IRS Faces Staffing Crisis After Record-Strong Tax Season, Warns of Risks Ahead

The IRS reported one of its most successful tax seasons in recent years, collecting $850 billion in April—a 9.5% increase over last year—and another $371 billion in May, a 14.7% jump, according to Treasury Department data. However, those gains were achieved just before a significant reduction in staffing: more than a quarter of the IRS workforce has exited in the past three months, many through buyouts tied to Elon Musk’s U.S. DOGE Service initiative. The reduction was detailed in the National Taxpayer Advocate’s latest report, which warns that the IRS may not be equipped to handle next year’s filing season, especially if new legislation is enacted.

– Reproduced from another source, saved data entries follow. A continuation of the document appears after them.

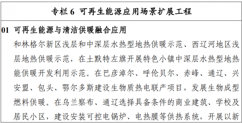 四、廣泛擴展可再生能源應用場景實施火電靈活性改造。加快存量煤電改造升級,推廣深度調(diào)峰技術應用,積極推進現(xiàn)役煤電機組實施靈活性改造, 鼓勵新建煤電機組靈活性制造,降低新建煤電機組最小技術出力水平,提升電力系統(tǒng)整體消納能力,促進新能源大規(guī)模開發(fā)和高效利用,引導煤電由主力電源逐步向“支撐型”、“調(diào) 節(jié)型”電源轉變。推進工業(yè)園區(qū)可再生替代。充分挖掘燃煤自備電廠園區(qū)的電源靈活調(diào)節(jié)能力和負荷側需求響應能力,推動園區(qū)自備電廠參與調(diào)峰,改變單一依靠自備火電的傳統(tǒng)供能方式,因地制宜推動風電、光伏建設,鼓勵集中式與分布式并舉,在 不占用公共電網(wǎng)的消納空間且保證用能安全的前提下實現(xiàn) 新能源全額自發(fā)自用,逐步實現(xiàn)園區(qū)用能清潔化。開展低碳工業(yè)園區(qū)示范。鼓勵具備新增負荷的園區(qū)開展低碳工業(yè)園示范項目,以近零碳用能為目標,率先開展全清潔能源供電,提升園區(qū)整體能效。通過自建分布式、新能源專線供電、綠色電力交易、綠證交易等多種方式,實現(xiàn)園區(qū)新增用電需求主要由新能源滿足。同時,鼓勵園區(qū)通過配置儲能等措施,保證與園區(qū)負荷的匹配響應和高比例自平衡, 不占用公共電網(wǎng)消納空間。推廣“綠電+綠氫”發(fā)展新模式。鼓勵采用具有適應可再生能源出力波動的綠色制氫技術,加快推進風光氫儲一體化示范,推廣氫燃料電池汽車在礦山、物流、公交等領域的規(guī)模化應用,積極探索氫能在冶金、化工、交通等領域的應用。開展源網(wǎng)荷儲一體化示范。充分挖掘和釋放生產(chǎn)側、消費側調(diào)節(jié)能力,最大化發(fā)揮負荷側調(diào)節(jié)響應能力,就近合理配套新能源,加強源網(wǎng)荷儲多向互動,通過電價優(yōu)勢帶動儲能、大數(shù)據(jù)、新能源、新材料等行業(yè)全產(chǎn)業(yè)鏈發(fā)展。加快烏蘭察布、通遼源網(wǎng)荷儲一體化示范工程建設,提升本地電源支撐,有效緩解供電缺口,推動局部新能源就近消納,不占用公共電網(wǎng)調(diào)峰和消納空間,提升新能源開發(fā)利用水平。持續(xù)推廣可再生能源清潔供暖。發(fā)揮自治區(qū)風能、光伏、農(nóng)林、地熱資源優(yōu)勢,建立多元化可再生能源清潔供暖體系, 促進環(huán)境質(zhì)量和人民生活條件改善。在呼包鄂城市群積極推動中深層地熱能規(guī)模化供暖示范,創(chuàng)新城市用能新模式。在蒙東地區(qū)發(fā)展生物質(zhì)熱電聯(lián)產(chǎn)項目,探索以農(nóng)林生物質(zhì)、生物質(zhì)成型燃料等為燃料的生物質(zhì)鍋爐供熱方式,有效保護城鄉(xiāng)環(huán)境。在呼和浩特、包頭、烏蘭察布、通遼等地,開展清潔電供暖示范。大力發(fā)展以新能源為主的綜合能源應用。結合配電網(wǎng)、燃氣網(wǎng)、熱力網(wǎng)等能源網(wǎng)絡,綜合可再生能源、儲能、信息通訊等先進技術,推動分布式可再生能源高效靈活接入與生產(chǎn)消費一體化,建設冷熱水電氣供應的區(qū)域綜合能源系統(tǒng)。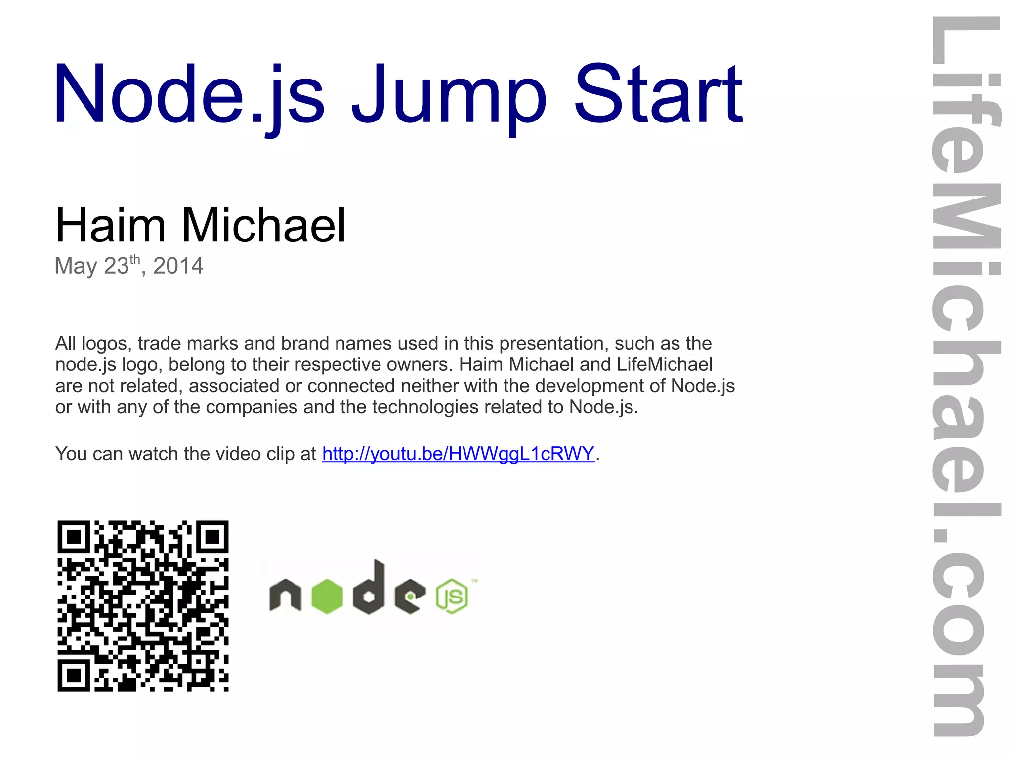 Haim Michael gave a presentation on Node.js Jump Start. The presentation introduced Node.js as a platform for developing web applications using JavaScript. It discussed asynchronous programming in Node.js, the module architecture, and popular Node.js modules. The presentation provided learning resources on the Node.js website and recommended courses for further learning.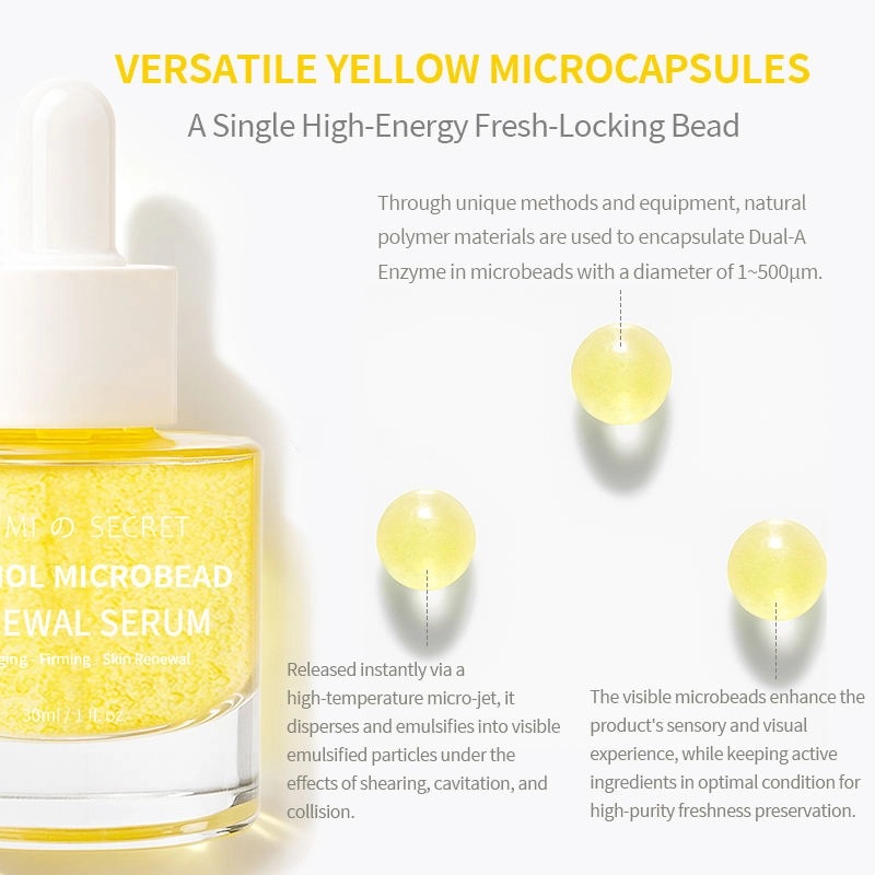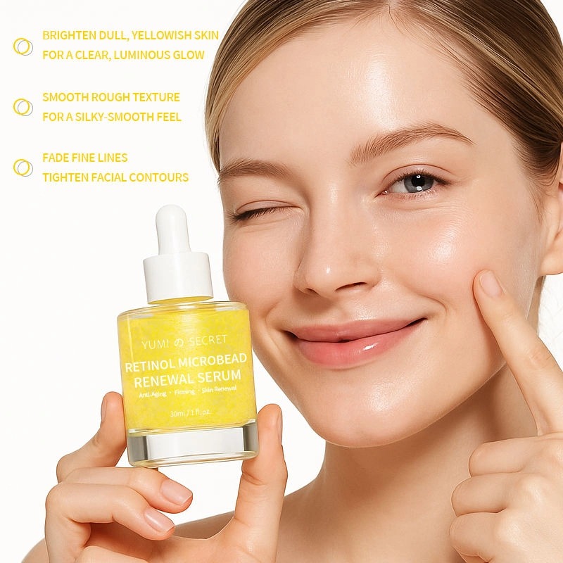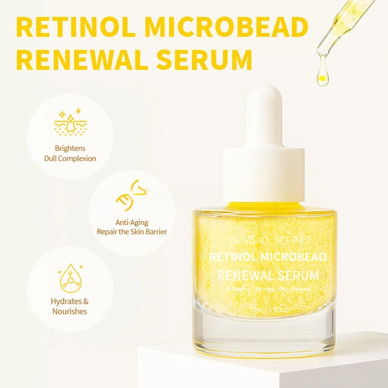 Nosso Sérum Retinol Microbead Renewal é um produto antienvelhecimento de alta eficácia com tecnologia inovadora de microencapsulação que preserva o frescor. Formulado com retinol, Pro-Xylane, peptídeos de colágeno e diversos ingredientes calmantes, proporciona firmeza, redução de rugas, luminosidade, hidratação e reparação da barreira cutânea. Com textura leve e adequada para todos os tipos de pele, oferecemos serviços completos de personalização OEM/ODM.

The agency has seen deep losses across nearly every unit. Over 2,000 IT staff have left, and critical administrative bodies like the Transformation and Strategy Office have been nearly dismantled. Customer-facing roles have also suffered, with over 9,000 employees in the Taxpayer Services division departing—despite the Trump administration’s stated goal to preserve public service functions. A federal hiring freeze has prevented the IRS from bringing in replacements. While 98% of returns were processed on time this year and hold times dropped significantly, officials caution that expected tax law changes, including those proposed in the “One Big Beautiful Bill Act,” could overwhelm the understaffed agency in 2026.